— What you need to do —
Reproduce exactly the lines from the one containing "- Shared outdoor shower" through the last line of the records below, both included. Leave out any pictures.

Data entries
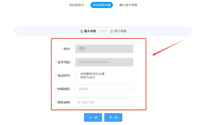 步驟二:進(jìn)入“免試申請(qǐng)”頁(yè)面;
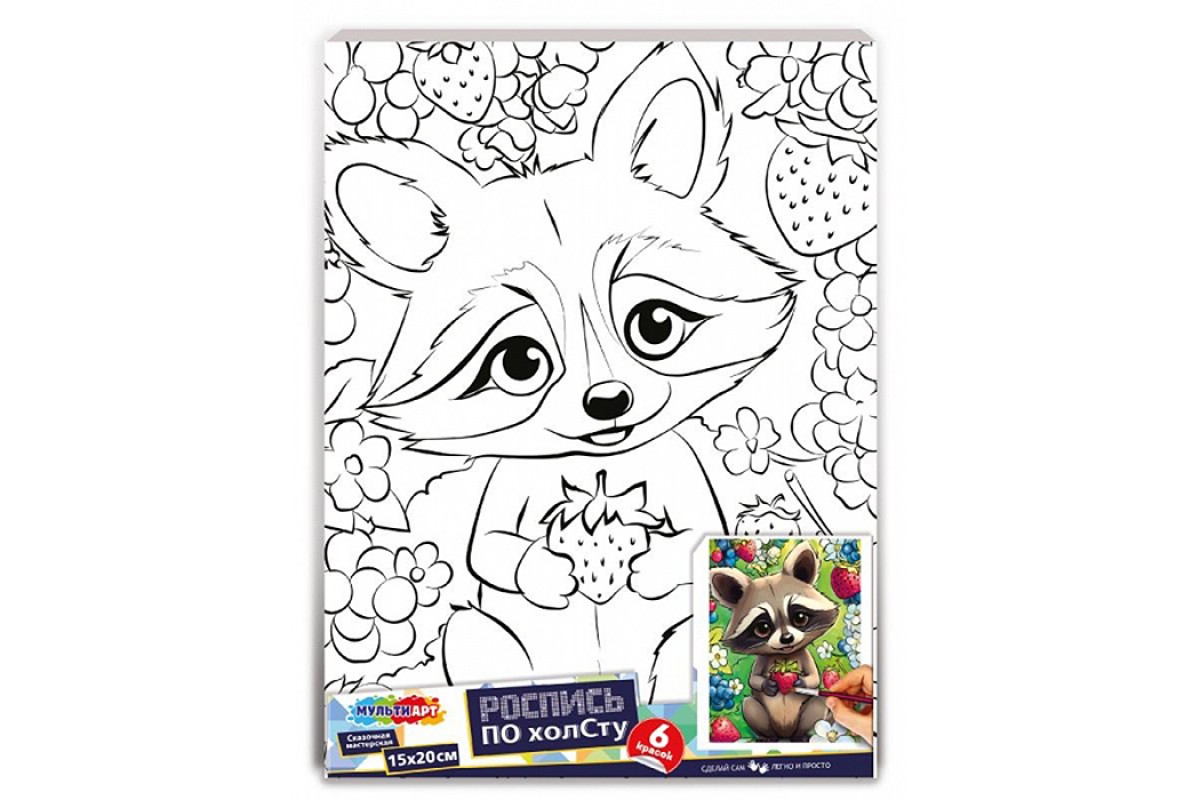 Холст для росписи 15*20 см., "Енот"
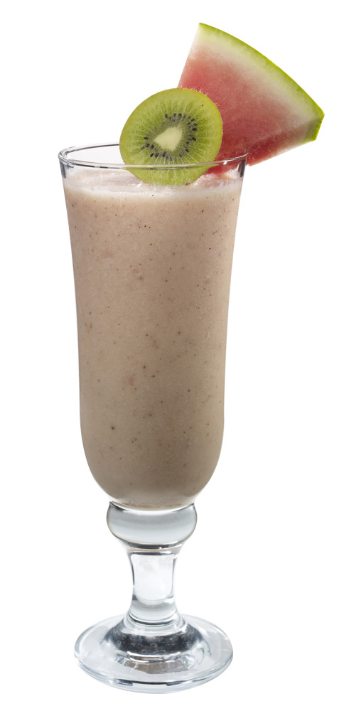 Place all ingredients in blender, saving one kiwi slice for garnish. Blend until completely smooth. Pour into goblet. Garnish with kiwi and watermelon slice.
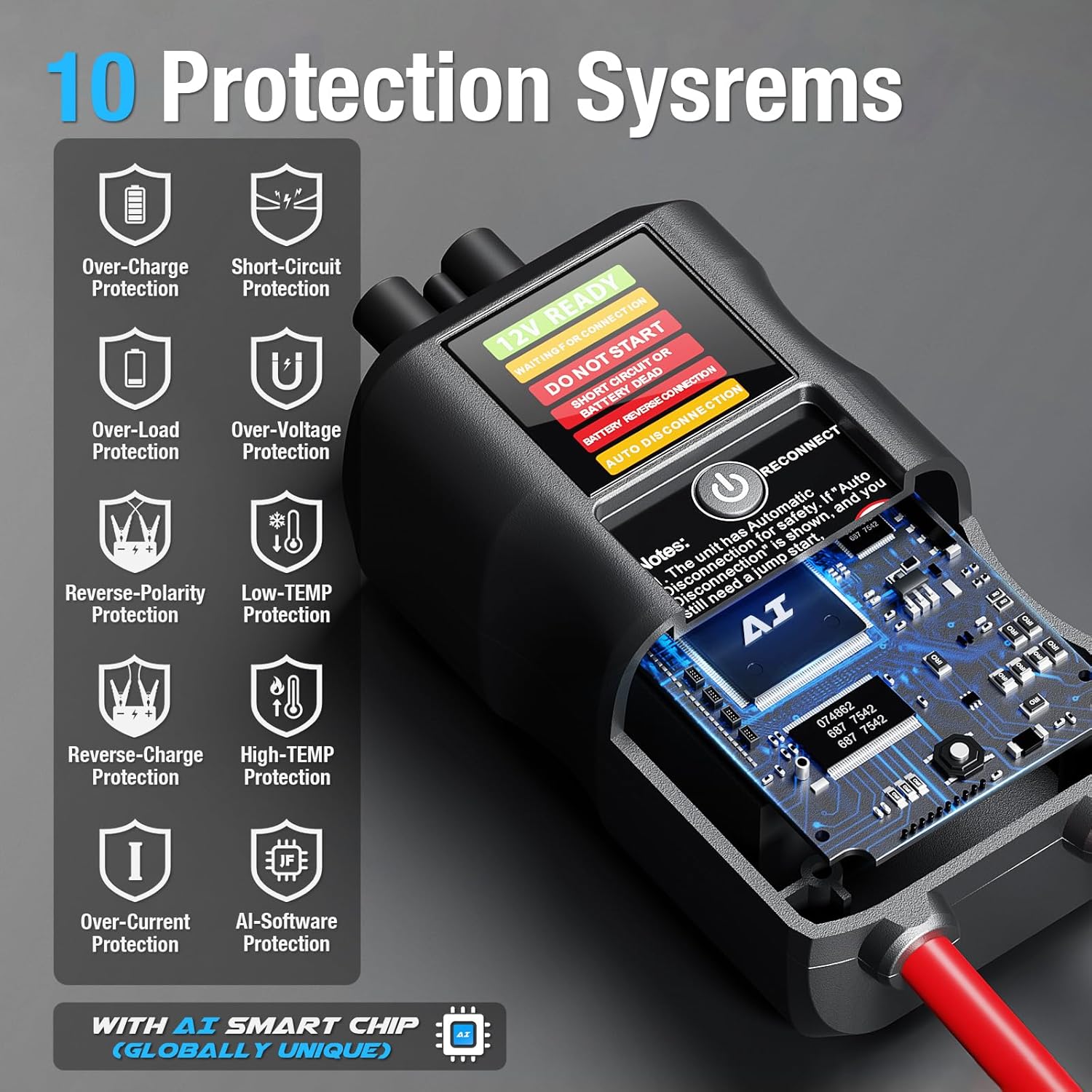 - 【INTELLIGENT SAFETY YOU CAN TRUST】 — This battery jumper starter portable features an integrated battery and smart clamp design, armed with 10 layers of intelligent protection. It guards against short circuits, reverse polarity, sparks, overheating, and more, ensuring safe operation for both you and your vehicle. Enhanced thermal efficiency and power management extend the jump box’s lifespan, preventing damage from loose connections or battery issues.
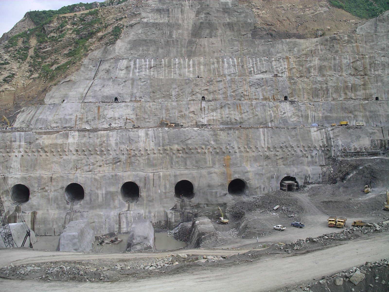 Dam site grouting involves injecting cementitious or chemical grout into the ground to strengthen and seal the foundation, enhancing stability and reducing water permeability for the dam’s overall structural integrity.
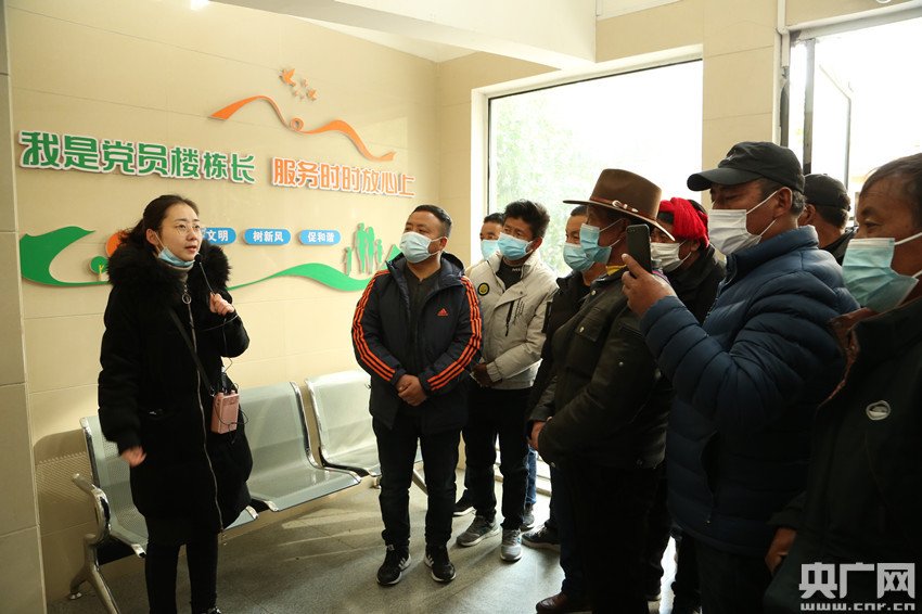 在檀溪府邸小區(qū)參觀學(xué)習(xí)黨員“雙報到”、紅色物業(yè)等工作(央廣網(wǎng)發(fā) 倫珠澤仁 攝)
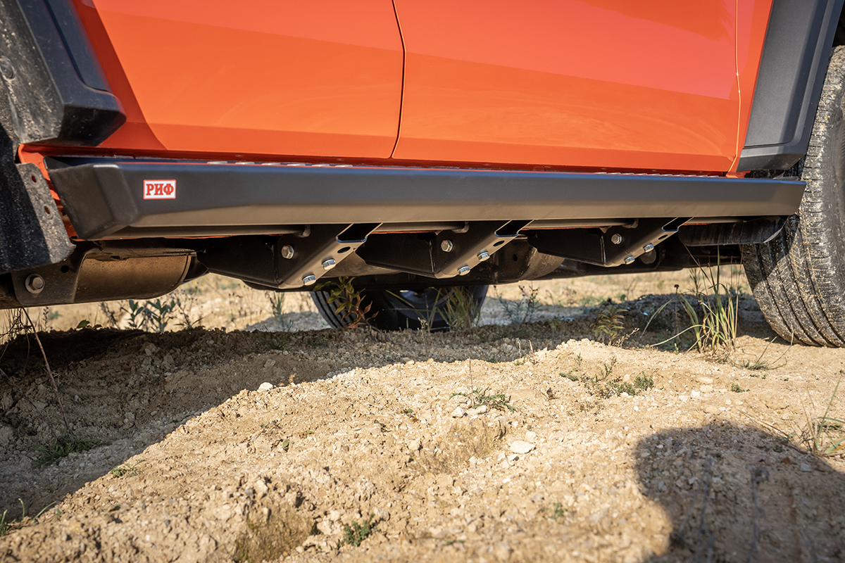Силовые пороги РИФ обеспечивают максимальную защиту кузова внедорожника как в городе, так и на бездорожье – можно упереться в бревно или камень, можно опереться на край колеи – порог обеспечит надежную защиту.
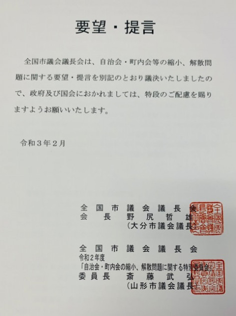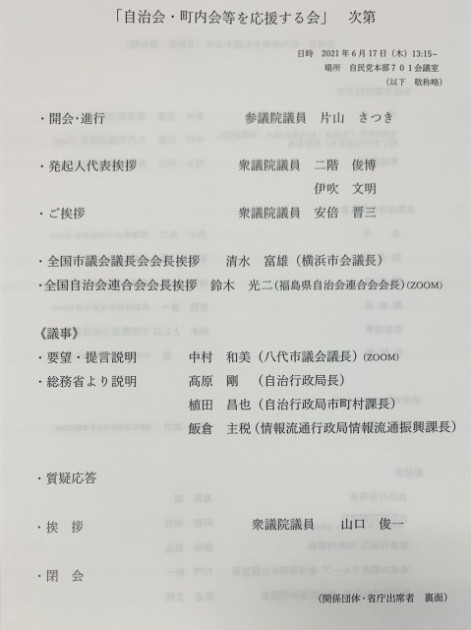 自民党 自治会・町内会等を応援する会 ※八代市議会・中村和美議長 要望・提言説明(リモート出席)
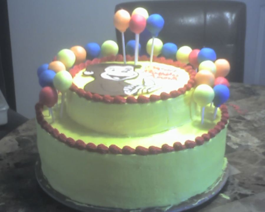 cake frosted with bc. Made balloons with fondant. Made curious georrge out of chocolate.
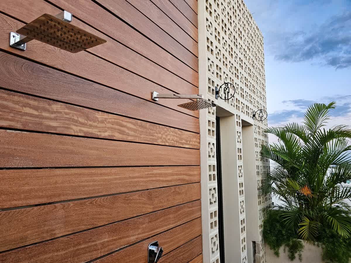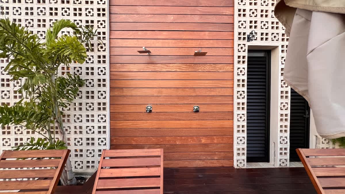 - Shared outdoor shower
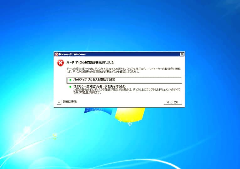 ・WindowsのパソコンでHDDに異常が出た際に表示されるエラーメッセージ例
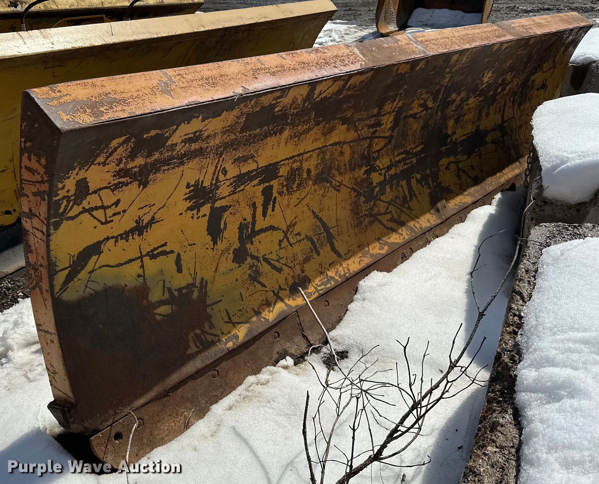14' W wheel loader snow plow. Cutting edge: Bolt-on, Fits Caterpillar 962H wheel loader. T.A. Schifsky & Sons, Inc - Open Inspection April 6, 10, and 13. 6077 Lake Elmo Avenue North. Stillwater, MN 55082

— Response to the exercise —
 - Shared outdoor shower
 ・WindowsのパソコンでHDDに異常が出た際に表示されるエラーメッセージ例
14' W wheel loader snow plow. Cutting edge: Bolt-on, Fits Caterpillar 962H wheel loader. T.A. Schifsky & Sons, Inc - Open Inspection April 6, 10, and 13. 6077 Lake Elmo Avenue North. Stillwater, MN 55082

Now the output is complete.